Затем у Держигора зазвонил телефон: она долго слушала, изредка вставляя немногосложные слова, по которым Рогоненко, вероятнее всего, невозможно было судить о содержании разговора. Она, впрочем, и не пыталась этого сделать. Откинувшись назад, Антонина глядела в пол. Её рот был приоткрыт, грудь, подобно артисту, отыгравшему спектакль, расслабилась, опустилась, плечи поникли.

Встреча с Еленой не стала выходом из ситуации, как рассчитывала Антонина. И если до этой встречи, не сомневаясь, что Держигора ловким взмахом волшебной палочки решит проблему, она не вполне осознавала серьёзность положения, поддавшись лишь вполне естественной бессознательной тревоге, то теперь, когда ничего не стояло между ней и реальностью происходящего, Антонина оказалась на грани паники.

– …меня удивляет безмерно, – неожиданно услышала Майя тонкий голос Елены Держигора. Она сообразила, что на террасе вдруг перестала играть музыка, мешавшая ей слышать разговор двух женщин. – Подобная дикость сегодня в голове не укладывается. И остаться безнаказанной не может. Её найдут без промедления, я убеждена.     

Внезапно Антонина Рогоненко расплакалась.

Музыка заиграла вновь, и Майя не могла расслышать, какими словами утешала её Елена Держигора. С беспомощной злобой Антонина отмахнулась от сочувственного жеста Держигора и полезла в сумочку за пудреницей. Судорожно раскрыла её и, всхлипнув и оттянув челюсть, стала протирать под глазами и вокруг носа.

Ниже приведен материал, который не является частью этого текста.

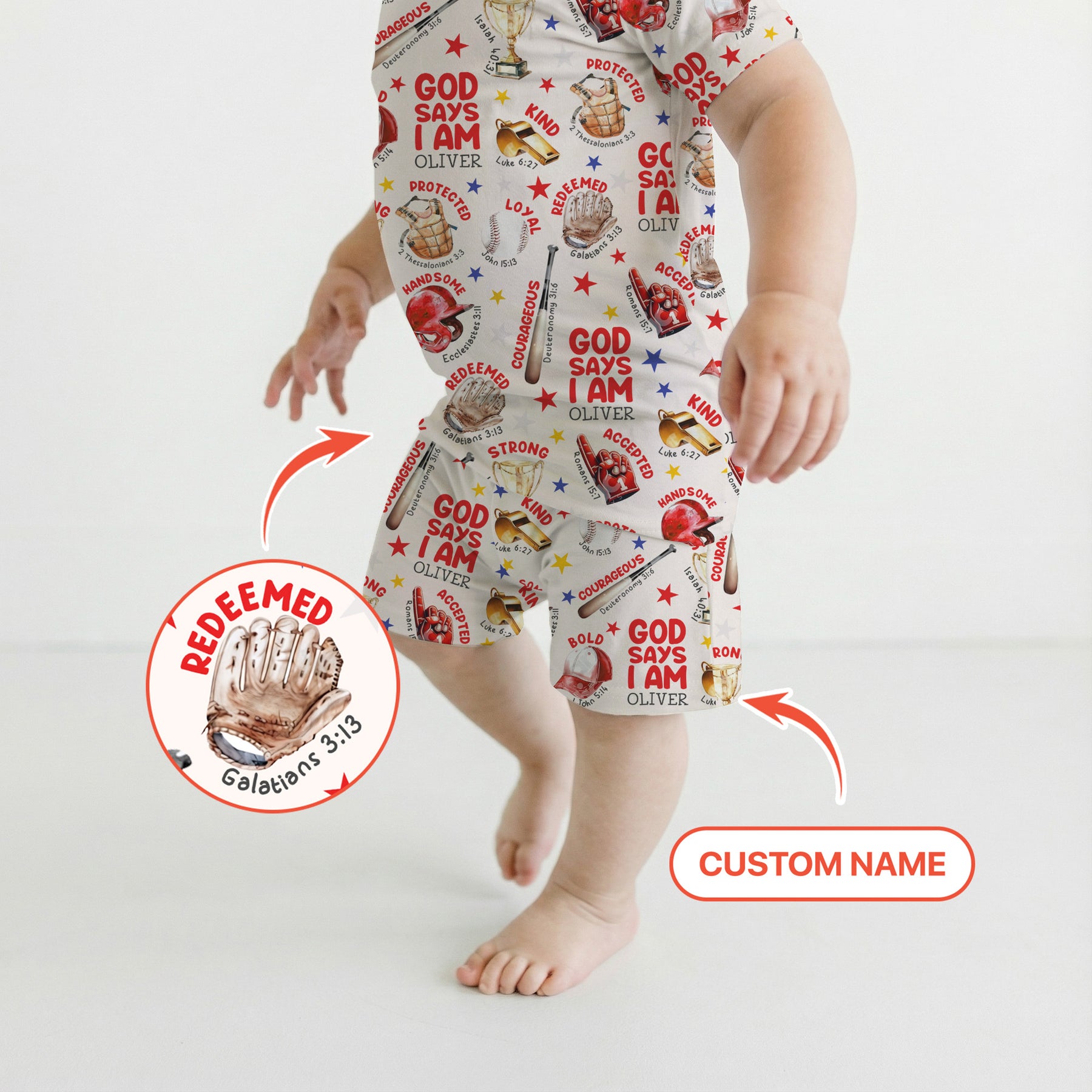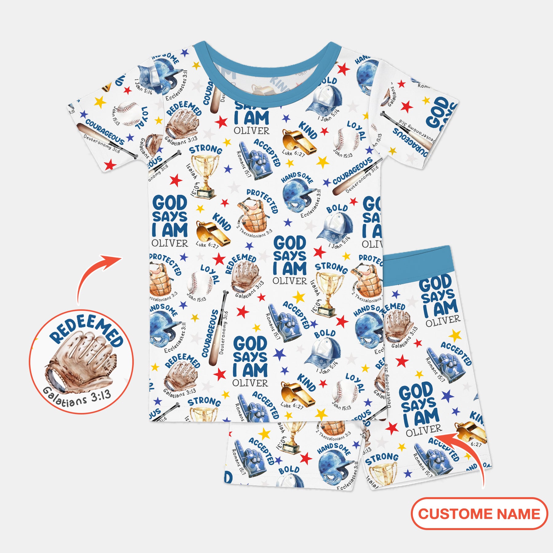 Baseball God Says I Am Custom Name Two Piece Short Sleeve Shorts Pajama Set

В это мгновение возле их столика столкнулись спинами два официанта с подносами в руках. Один из них метнул свирепый взгляд на другого, второй с виноватым любопытством проследил за тем, как шатнулась посуда на сиреневой скатерти, качнулся корпус Атонины Рогоненко, как выскользнула из её рук золотистая пудреница и с треском ударилась о плитку.

Антонина испуганно вскрикнула. У неё под ногами валялись зеркальные осколки и две части разломавшейся пудреницы. На её лице выразился ужас, она прикрыла рот трясущейся ладонью.

Её окружили официанты, в гуще которых возник перепуганный администратор и стал уверять, что заведение компенсирует ущерб и, более того, оплатит ужин. Администратор то извинялся, то, видя её неадекватную подавленность (и не понимая, что могло повергнуть женщину в шок), сбивчиво уговаривал, что ведь ничего страшного не произошло.

Елена Держигора, сориентировавшись, разогнала пустозвонов, властно ухватила Антонину за локти и, повысив голос настолько, что Майя смогла слышать каждое слово, приказала немедленно взять себя в руки.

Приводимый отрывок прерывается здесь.